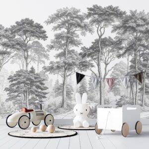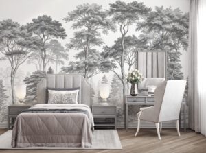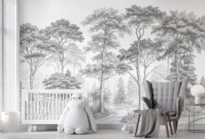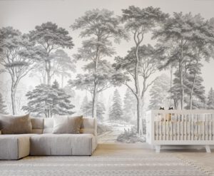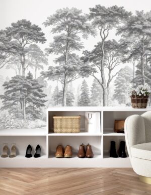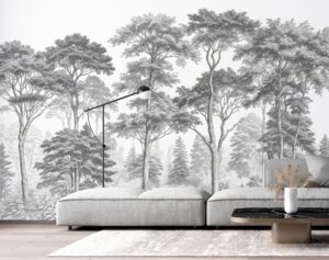 Sakinleştirici bir doğa hissi yaratmak isteyenler için bu siyah beyaz orman temalı duvar kağıdı mükemmel bir tercihtir.
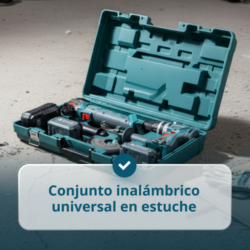 • Conjunto inalámbrico universal en maletín – dos herramientas en un solo conjunto: taladro percutor y amoladora angular con 2 baterías y cargador para diversas tareas domésticas.
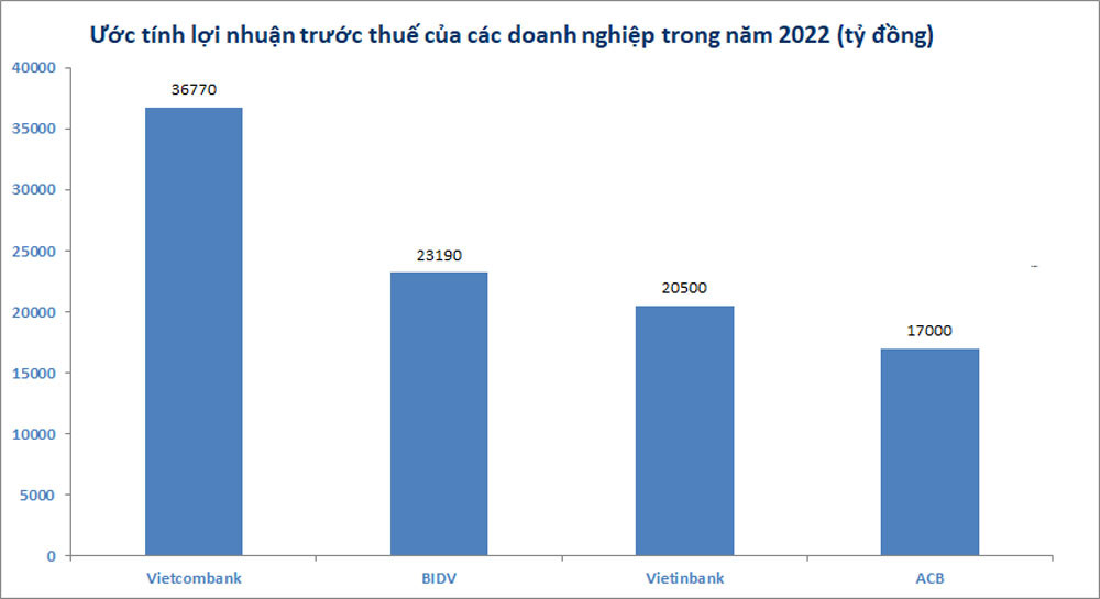 Ngân hàng Vietcombank (VCB) ước tính lợi nhuận trước thuế riêng lẻ trong năm 2022 đạt hơn 36.770 tỷ đồng, tăng gần 39% so với năm trước. Theo Chứng khoán SSI, lợi nhuận trước thuế trong quý IV/2022 của Vietcombank sẽ đạt hơn 12.000 tỷ đồng, tăng 56% so cùng kỳ.
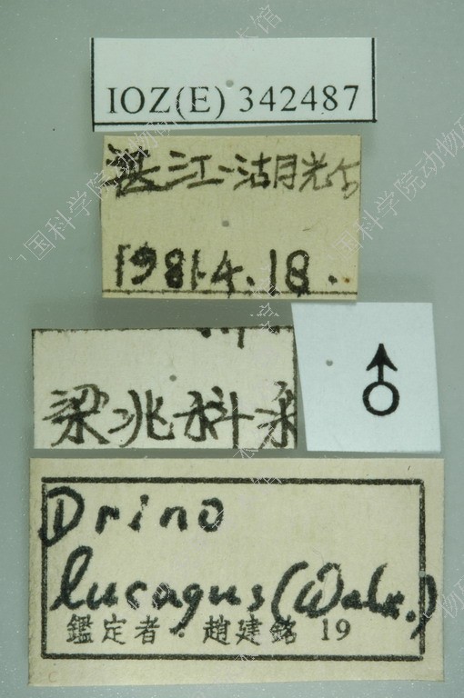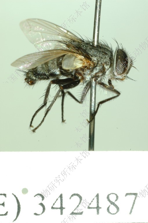 ♂ 单眼鬃发达,外侧额鬃缺如,外顶鬃退化与眼后鬃无明显区别,额的宽度窄于复眼宽,间额两侧缘平行,其宽度大于侧额中部的宽度;额鬃有3根下降至侧颜,最前方一根达触角第2节末端水平,侧额毛下降至侧颜超过最前1根额鬃的水平,侧颜较窄,其宽度小于触角第3节;颜堤鬃仅几根分布于颜堤基部;触角第2节较长,第3节为第2节长的2-2.5倍,第3节基部内侧黄色,触角芒基部3/5加粗;下颚鬃棒状;后头上方在眼后鬃后方无黑色小鬃。中鬃3+3,背中鬃3+4,翅内鬃1+3,腹侧片鬃2+2,肩鬃4根其中3根基鬃排成一直线;小盾片具1对心鬃,小盾侧鬃每侧2根,两小盾亚端之间的距离约等于亚端鬃至同侧基鬃的距离;翅r4+5脉节结仅具1根小鬃,中脉心角为钝圆,心角至翅缘的距离明显小于心角至中肘横脉的距离;前足爪短,不长于第5分跗节,前胫具2根后鬃;中胫具前背鬃、腹鬃各1根, 后背鬃2根;后胫具梳状前背鬃1行, 中间具1根发达的鬃。腹部第3背板具1对短的中缘鬃,其长度不超过第4背板长的1/2;第4背板具1排缘鬃,腹面两侧具大而明显的密毛斑,占据两侧腹面的全部;第5背板具不规则的中心鬃。肛尾叶钳状,末端尖,背中部具淡色密毛;侧尾叶窄而直,末端无钝刻。

To do -> Starting at the first line of the data, set down each line exactly until you have copied the line with "Ngân hàng Vietcombank", but leave the pictures out.

Answer to the problem ->
 Sakinleştirici bir doğa hissi yaratmak isteyenler için bu siyah beyaz orman temalı duvar kağıdı mükemmel bir tercihtir.
 • Conjunto inalámbrico universal en maletín – dos herramientas en un solo conjunto: taladro percutor y amoladora angular con 2 baterías y cargador para diversas tareas domésticas.
 Ngân hàng Vietcombank (VCB) ước tính lợi nhuận trước thuế riêng lẻ trong năm 2022 đạt hơn 36.770 tỷ đồng, tăng gần 39% so với năm trước. Theo Chứng khoán SSI, lợi nhuận trước thuế trong quý IV/2022 của Vietcombank sẽ đạt hơn 12.000 tỷ đồng, tăng 56% so cùng kỳ.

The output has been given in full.